Like the other measures of attachment, a Story Stem assessment can offer a comprehensive understanding of a child’s behaviour and ways of thinking and feeling in his or her close relationships.  The child is offered a series of story beginnings (stems) by the interviewer, and the child is asked to “show me and tell me what happens next”.  The child’s stories are then probed according to the guidelines for this measure, in order to elicit the necessary information to classify the child’s responses.  The process is videoed and transcribed, so that it can be coded by someone who is trained in using this measure.

The stress gradually increases in each of the stories, as they are presented. Elements of danger are introduced into the assessment because attachment behaviour is a “self-protective strategy” and is displayed when an individual feels him or herself to be at physical or emotional risk.

In assessing a child’s attachment we are looking to discover:

An attachment strategy:  what we do and how we think when we feel unsafe or uncomfortable.  Such strategies and defences, whilst developed in infancy and childhood to elicit nurture and protection from parents and carers, continue to shape relationships into adulthood, as well as be informed by them.  Interviews such as the Attachment Story Stem Completion task track how information is distorted by the brain in order to assist an individual in dealing with any perceived dangers.  Over time, human beings learn to exaggerate the importance of feelings and thinking that has helped them stay safe, and omit or minimise what has been irrelevant or misleading to them.  In this way our ways of thinking and feeling about our close relationships are influenced by the dangers and fears we have experienced.  Sometimes, however what may have helped someone stay safe in one situation can mislead and cause problems when they face a situation that is very different, or these strategies might have unintended consequences on other people.

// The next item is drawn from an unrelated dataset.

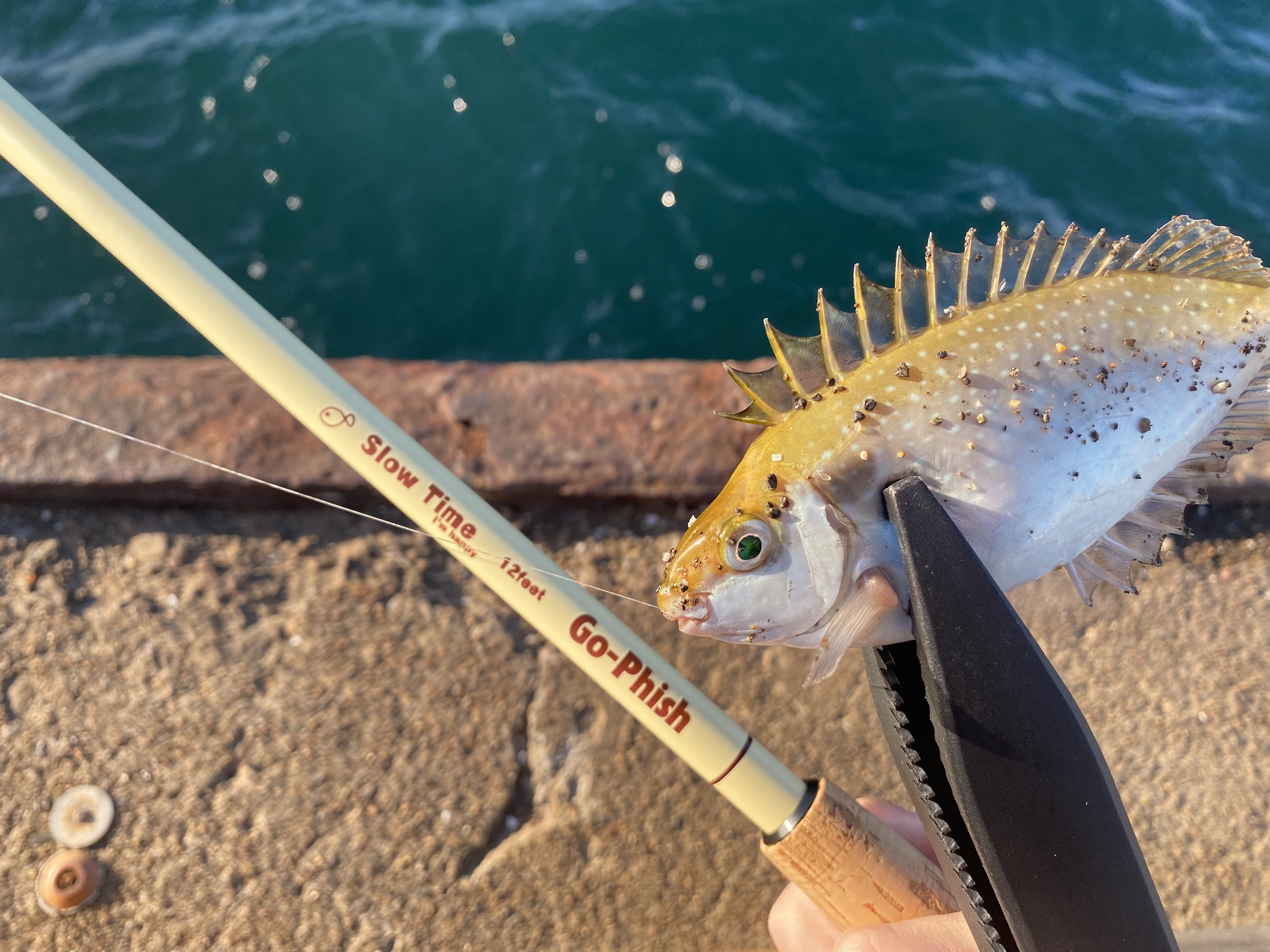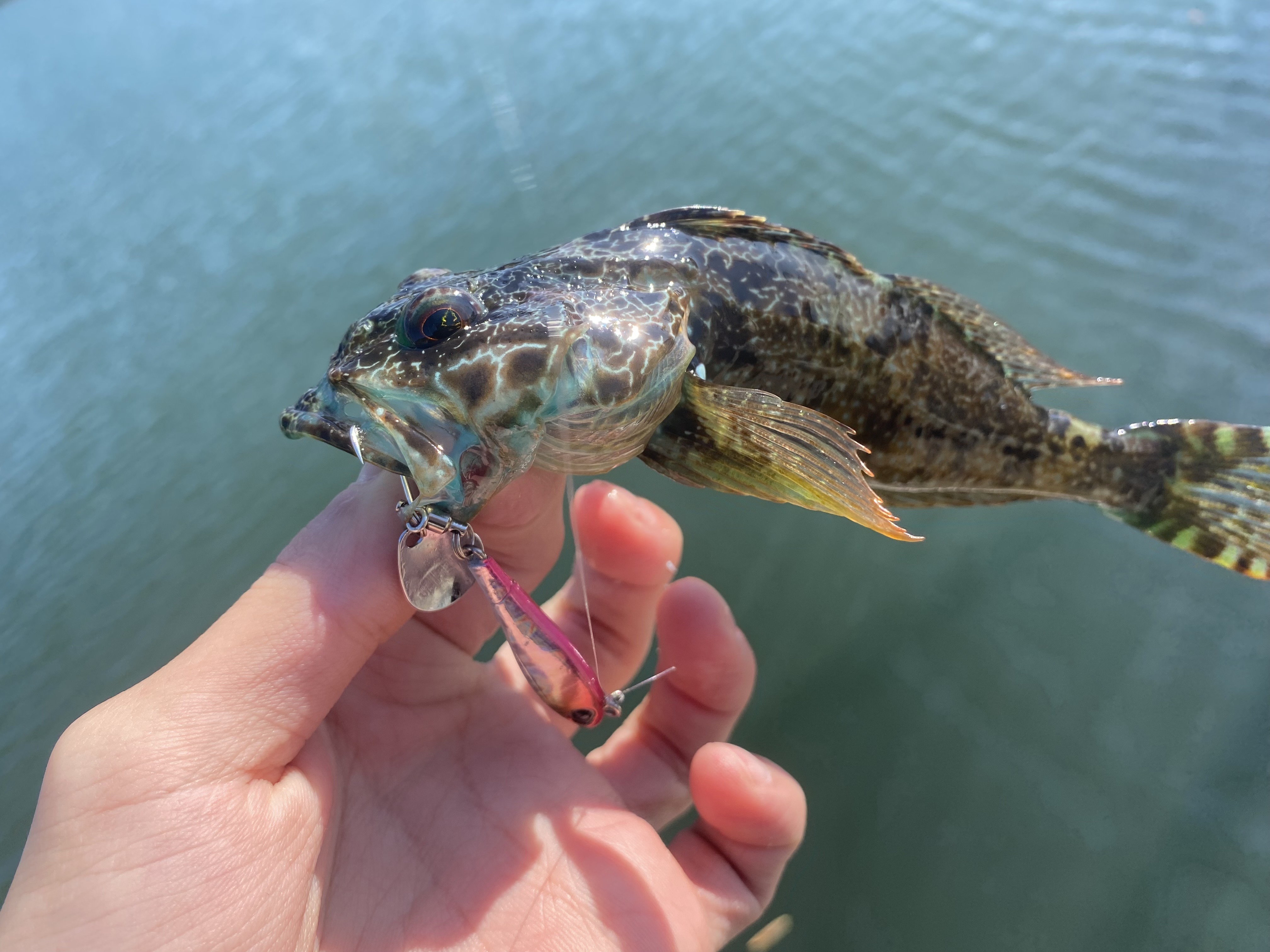 諦めずに攻めているとやっとグレが‼️割合はアイゴ8:グレ2って感じで毒祭りでした笑笑アイゴにオキアミを食べ尽くされ無くなったので、ルアーでメッキ、カマスを狙うことに!すると1投目から回収間際でカサゴのような魚がバイト❗️バラさないように慎重にあげるとアナハゼ😂😂

Unresolved traumatic experiences:  terrifying experiences or losses that distort a person’s behaviour in major ways without them being aware of it.  Being exposed to extreme or ongoing danger or overwhelming loss can interrupt someone’s strategy of staying safe, because how they are thinking and feeling has more to do with the past traumatic event, than it has to do with their current situation.  These issues can be generational in their effects, with children being traumatised by their own parents’ responses to the past.  They operate like a landmine, hidden from view, but exploding when a parent’s life circumstances lead them to step on the place where it is lying.  Uncovering them within an assessment can be like a key, unlocking understanding of aspects of a child or parents’ life which neither professionals nor the parents themselves have understood before.